Microsoft's $7.2B Nokia mistake
Just over a week after Microsoft announces plans to replace CEO Steve Ballmer the company announced it will spend $7.2B to buy the Nokia phone/tablet business. For those looking forward to big changes at Microsoft this was like sticking a pin in the big party balloon!
Everyone knows that Microsoft's future is at risk now that PC sales are declining globally at nearly 10% - with developing markets shifting even faster to mobile devices than the USA. And Microsoft has been the perpetual loser in mobile devices; late to market and with a product that is not a game changer and has only 3% share in the USA.
But, despite this grim reality, Microsoft has doubled-down (that's doubled its bet for non-gamblers) on its Windows 8 OS strategy, and continues to play "bet the company". Nokia's global market share has shriveled to 15% (from 40%) since former Microsoft exec-turned-Nokia-CEO Stephen Elop committed the company to Windows 8. Because other Microsoft ecosystem companies like HP, Acer and HP have been slow to bring out Win 8 devices, Nokia has 90% of the miniscule market that is Win 8 phones. So this acquisition brings in-house a much deeper commitment to spending on an effort to defend & extend Microsoft's declining O/S products.
As I predicted in January, the #1 action we could expect from a Ballmer-led Microsoft is pouring more resources into fighting market leaders iOS and Android - an unwinnable war. Previously there was the $8.5B Skype and the $400M Nook, and now a $7.2B Nokia. And as 32,000 Nokia employees join Microsoft losses will surely continue to rise.
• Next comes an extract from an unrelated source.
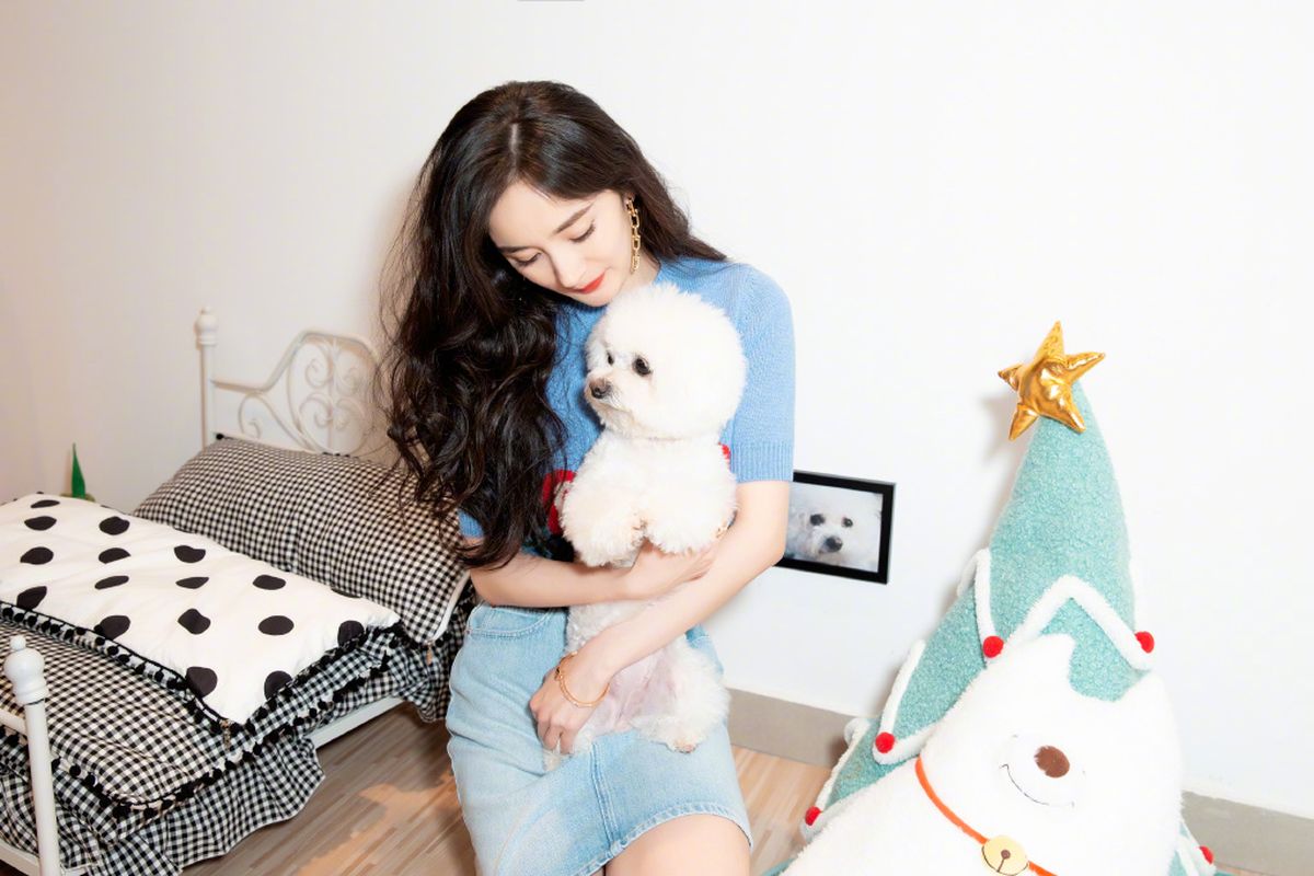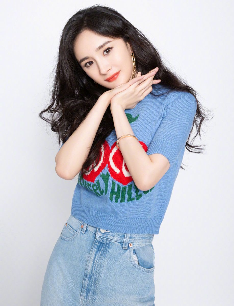 杨幂针织毛衣牛仔短裙性感休闲风格写真

While Microsoft has a lot of cash - spending it at this rate, it won't last long!
Some folks think this acquisition will make Microsoft more like Apple, because it now will have both hardware and software which in some ways is like Apple's iPhone. The hope is for Apple-like sales and margins soon. But, unfortunately, Google bought Motorola months ago and we've seen that such revenue and profit growth are much harder to achieve than simply making an acquisition. And Android products are much more popular than Win8. Simply combining Microsoft and Nokia does not change the fact that Win8 products are very late to market, and not very desirable.
Some have postulated that buying Nokia was a way to solve the Microsoft CEO succession question, positioning Mr. Elop for Mr. Ballmer's job. While that outcome does seem likely, it would be one of the most expensive recruiting efforts of all time. The only reason for Mr. Elop to be made Microsoft CEO is his historical company relationship, not performance. And that makes Mr. Elop is exactly the wrong person for the Microsoft CEO job!
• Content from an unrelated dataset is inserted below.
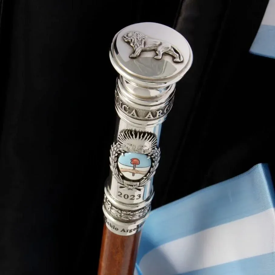 Con una altura de 98 centímetros, el bastón está confeccionado en plata y fresno teñido, mientras que el escudo es de esmalte a fuego vitrificado. Cabe resaltar que la figura del felino, que adorna la parte superior, solo podrá ser apreciada por Milei, ya que, en su uso cotidiano, solo se visualizan el escudo argentino y los laureles.

In October, 2010 when Mr. Elop took over Nokia I pointed out that he was the wrong person for that job - and he would destroy Nokia by making it a "Microsoft shop" with a Microsoft strategy. Since then sales are down, profits have evaporated, shareholders are in revolt and the only good news has been selling the dying company to Microsoft! That's not exactly the best CEO legacy.
Mr. Elop's job today is to sell more Win8 mobile devices. Were he to be made Microsoft CEO it is likely he would continue to think that is his primary job - just as Mr. Ballmer has believed. Neither CEO has shown any ability to realize that the market has already shifted, that there are two leaders far, far in front with brand image, products, apps, developers, partners, distribution, market share, sales and profits. And it is impossible for Microsoft to now catch up.
It is for good reason that short-term traders pushed down Microsoft's share value after the acquisition was announced. It is clear that current CEO Ballmer and Microsoft's Board are still stuck fighting the last war. Still trying to resurrect the Windows and Office businesses to previous glory. Many market anallysts see this as the last great effort to make Ballmer's bet-the-company on Windows 8 pay off. But that's a bet which every month is showing longer and longer odds.
Microsoft is not dead. And Microsoft is not without the ability to turn around. But it won't happen unless the Board recognizes it needs to steer Microsoft in a vastly different direction, reduce (rather than increase) investments in Win8 (and its devices,) and create a vision for 2020 where Microsoft is highly relevant to customers. So far, we're seeing all the wrong moves.